Sunday, January 9, 2011

The world as a game:Magid of Mezeritch

this is a continuation of the post regarding the dichotomy as viewing life as a game versus as reality. Below is a statement which says that G-d knows that this world is trivial - both its joys and hardships i.e., it is a game to get rewarded and to be taken seriously.

Magid of Mezeritch (Likutei Yekarim page 12b): The tzadik doesn’t get satisfaction in this world. Even though he prays occasionally concerning worldly matters—he is not answered and his prayers are ignored. In truth it is because of G﷓d’s great love and fondness for the tzadik that He doesn’t answer him concerning worldly matters. This can be explain by the following parable. A king’s small son made a tiny house out of twigs—as children typically do—and someone came and broke it. The child ran crying to his father the king. He screamed and wailed to his father about the great tragedy that had befallen him. The king upon hearing about this “great tragedy” laughed—even though he loved his son very much. Because in the father’s eyes this loss was totally insignificant in comparison to the fabulous good that the king was prepared to give his son. The king also had in mind to build his son a glorious palace of unparalleled grandeur. Consequently the little house of twigs was so inconsequential in the eyes of the king that he saw no reason to take revenge on the person that had broken it. Therefore even though his son suffered greatly by his loss, his father ignored it. It was only a tragedy in the eyes of the child but not to the father who knew that his son was receiving infinitely more significant things. The meaning of the parable is obvious. Because G﷓d’s great love for the tzadik He will give him many great and wonderful things in the World to Come. Therefore he doesn’t pay attention to the suffering that the tzadik has in this world. He knows that the good things in the World to Come are infinitely greater than that which a person has in this world. He also knows that the good in this world is as nothing compared to the great and strong love that causes Him to give the tzadik the good reward in the World to Come.

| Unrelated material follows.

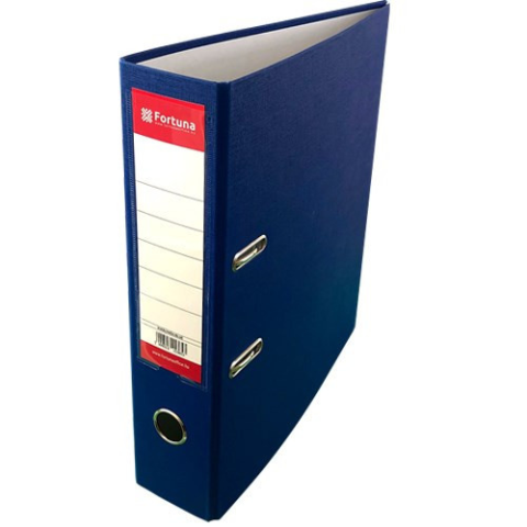 Iratrendező FORTUNA A/4 50 mm királykék Közkedvelt iratrendező. Kívül műanyag, belül papírborítású. 5 cm-es gerinc. A gerincre hegesztett címketaró 195 mm hosszú. A cserélhető címke egyszínnyomott. Kihúzógyűrűvel ellátva. Az iratrendező záródását

  1. "Life is like a box of chocolates. you never know which one you're gonna get" Words to live by from the maharan Forest Gump.

  2. Bartley... you're quoting Momma Gump. (Who as far as I can tell had no first name other than "Mrs.") My momma always said, 'Life is like a box of chocolates. You never know what you're gonna get.'" Anyway...\

    Compare the Maggid's words with the Ramchal's in Mesilas Yesharim 1:

    Our Sages of blessed memory have taught us that man was created for the sole purpose of rejoicing in God and deriving pleasure from the splendor of His Presence; for this is true joy and the greatest pleasure that can be found. The place where this joy may truly be derived is the World to Come, which was expressly created to provide for it; but the path to the object of our desires is this world, as our Sages of blessed memory have said (Avorh 4:21), "This world is like a corridor to the World to Come."

    The means which lead a man to this goal are the mitzvoth, in relation to which we were commanded by the Lord, may His Name be blessed. The place of the performance of the mitzvoth is this world alone.

    Therefore, man was placed in this world first - so that by these means, which were provided for him here, he would be able to reach the place which had been prepared for him, the World to Come, there to be sated with the goodness which he acquired through them. As our Sages of blessed memory have said (Eruvin 22a), "Today for their [the mitzvoth's] performance and tomorrow for receiving their reward."

    When you look further into the matter, you will see that only union with God constitutes true perfection...

  3. I think this is an excellent highlight of the difference between an approach which in my experience is favored among orators of the yeshiva world, and that of e.g. R' SR Hirsch. I have a very hard time imagining him saying something like this; indeed the very notion of Hirsch's Torah Im Derech Eretz, where Derech Eretz is the fundamental assumption of the universe, goes against this approach to life.

  4. I'm not as sure that RSRH would have to disagree with the Ramchal.

    The Ramchal says the point of this world is to become the kind of person who can be close to the Almighty in the next. If you feel that the Almighty is interested in a stable, peaceful, and spiritual humanity, then Hirschian derekh eretz is what it would take to be close to him.

    (Notice that both Mussar and TiDE make life about personal refinement, and personal refinement first about interactions with others, and then about relating to Hashem. They have significantly different models of what refinement means, but much of the philosophy overlaps.)

    Perhaps more telling is how little RSRH writes on the subject altogether. Or perhaps, he wrote on topics the Germany-sliding-to-Reform was ready to listen to.


  5. Maybe better stated, Germany-sliding-toward-Reform-and-dead-Orthodoxy... also, my contrast from RSRH was aimed at the OP, not the Ramchal: "this world is trivial - both its joys and hardships i.e., it is a game to get rewarded and to be taken seriously." It's hard for me to hear him saying "trivial" or "game" about the world even on a philosophical level.